_Instructions for the task_:
Leave every picture out and print exactly the lines that run from the one containing "潮州佳艺油墨花纸厂官方网站自" to the end of the listing.

_Available data_:
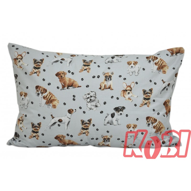 Poszewka bawełniana rozmiar 40x60 pieski szare tło 3226 Kobi
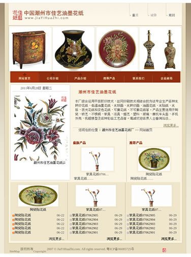 潮州佳艺油墨花纸厂官方网站自2007年建立至今, 网站运营已有4个年头,网站作为公司对外宣传的窗口,起到了介绍公司的产品,传递公司营销理念的作用。在公司产品不断丰富,网络技术不断更新的今天,公司为适应企业的发展,决定对公司网站进行全面改版、升级。
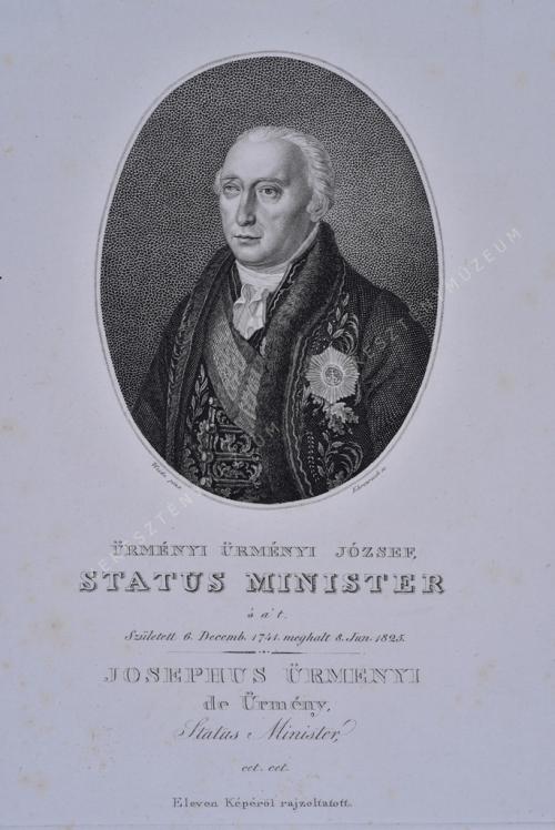 STATUS MINISTER 's a' t. Született 6. Decemb. 1741. meghalt 8. Jun. 1825. / JOSEPHUS ÜRMENYI de Ürmény Status Minister, cet.cet.
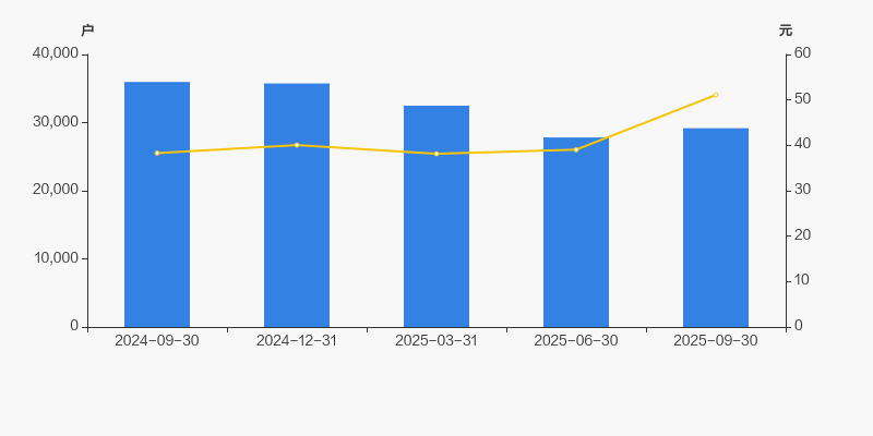 2024年9月30日至今,公司股东户数显著下降,区间跌幅为18.88%。2024年9月30日至2025年9月30日区间股价上涨33.46%。

_Answer box_:
 潮州佳艺油墨花纸厂官方网站自2007年建立至今, 网站运营已有4个年头,网站作为公司对外宣传的窗口,起到了介绍公司的产品,传递公司营销理念的作用。在公司产品不断丰富,网络技术不断更新的今天,公司为适应企业的发展,决定对公司网站进行全面改版、升级。
 STATUS MINISTER 's a' t. Született 6. Decemb. 1741. meghalt 8. Jun. 1825. / JOSEPHUS ÜRMENYI de Ürmény Status Minister, cet.cet.
 2024年9月30日至今,公司股东户数显著下降,区间跌幅为18.88%。2024年9月30日至2025年9月30日区间股价上涨33.46%。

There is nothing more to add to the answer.